The devaluation of the RMB in August 2015, moreover, was clumsily executed. China needed to de-link its currency from the overvalued dollar, but it failed to signal its intentions to the market. Chinese corporate borrowers paid back roughly a trillion dollars of foreign currency loans over the next year, and China’s official reserves correspondingly fell by a trillion dollars. Inept Western analysts warned of a run on China’s reserves, although the Bank for International Settlements explained that this simply reflected a currency shift in balance sheets. Contrary to Western critics, China’s growth continued at close to 7% (and we don’t hear any more allegations that the numbers are faked).

What has changed? First of all, the threatened reserve run never emerged, and China’s external position net of corporate debt in foreign currencies remains as strong as ever it was. Second, the modest depreciation of the RMB helped to turn around the deflation in producer prices that in turn depressed corporate profits. As I reported in Asia Times Oct. 17, rising producer prices buoyed profits, and in turn helped Chinese corporate borrowers to improve their gearing ratios.

China’s authorities have learned a great deal since 2015. The People’s Bank of China is encouraging corporates to de-lever, which is not difficult when profits are rising, and rising fastest among the smokestack companies who took on the lion’s share of the corporate debt burden. The dodgy market for wealth-management products is shrinking, and overall credit growth has slowed.
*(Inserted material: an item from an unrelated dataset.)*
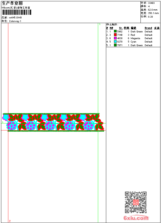 - emb花版参数: 大小:55.00 KB / 尺寸:350*63[毫米] / 针数:33403针 / 线色:4 / 格式:emb / 版本:9

Investors in Chinese stocks also show more discernment. In volatile stock markets, everything tends to move together. Markets are driven by what the finance profession calls “systemic risk,” that is, a risk affecting all stocks, such as currency problems, deflation, or central bank actions. Between 2007 and 2016, I calculate that 54% of change in the prices of Shanghai Composite Index stocks was driven by a common, “systemic” factor. During 2017, again by my calculations, the “systemic” factor explained only 28% of their change. Investors, that is, looked for value at the individual stock level, rather than responding to overall risk.
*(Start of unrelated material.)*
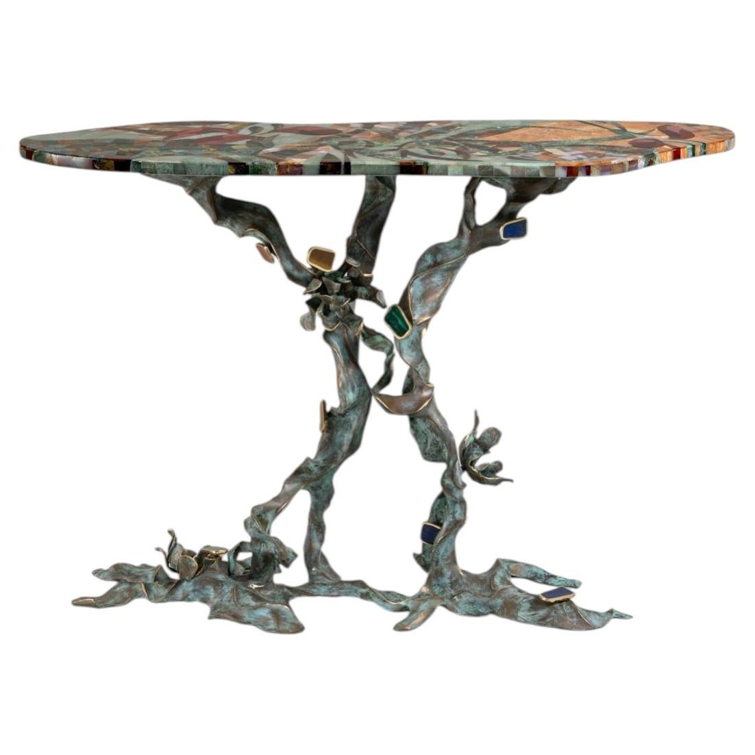 Rare "Surrealistic" console table in patinated bronze and pewter with hand painted polychrome enamels by Philip & Kelvin LaVerne, American 1960s (signed “Kelvin LaVerne” on bottom ri...

When stock-picking replaces concern about the currency, the central bank, or the overall growth outlook, some stocks rise and some fall, but the overall level of the index is less jumpy. That is one thing volatility captures as a measure of risk. Low volatility in the Shanghai Composite Index, in other words, shows that investors are trading Chinese stocks the same way that they trade stocks in developed markets—on the basis of valuation, management and growth prospects, rather than as stand-ins for fears about government policy.
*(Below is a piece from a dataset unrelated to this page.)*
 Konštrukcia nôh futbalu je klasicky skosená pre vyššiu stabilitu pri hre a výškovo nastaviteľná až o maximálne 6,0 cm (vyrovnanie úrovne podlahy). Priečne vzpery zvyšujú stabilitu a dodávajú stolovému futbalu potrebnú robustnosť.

That is a gigantic milestone in China’s economic maturity. It suggests that the equity market can become a more important source of capital for China’s growth, replacing corporate debt which grew too fast as China compensated for the 2008 world financial crisis. It implies that the cost of capital for Chinese companies will fall as the risk premium on their obligations shrinks.

China equity market risk is now on par with developed markets. But Chinese stocks remain much cheaper. The forward-looking price earnings ratio for the Hang Seng China Enterprises Index is only 8.5, compared to 19 for the S&P 500. When Chinese stocks were twice as volatile as American stocks,that made sense. Now Chinese stocks should outperform.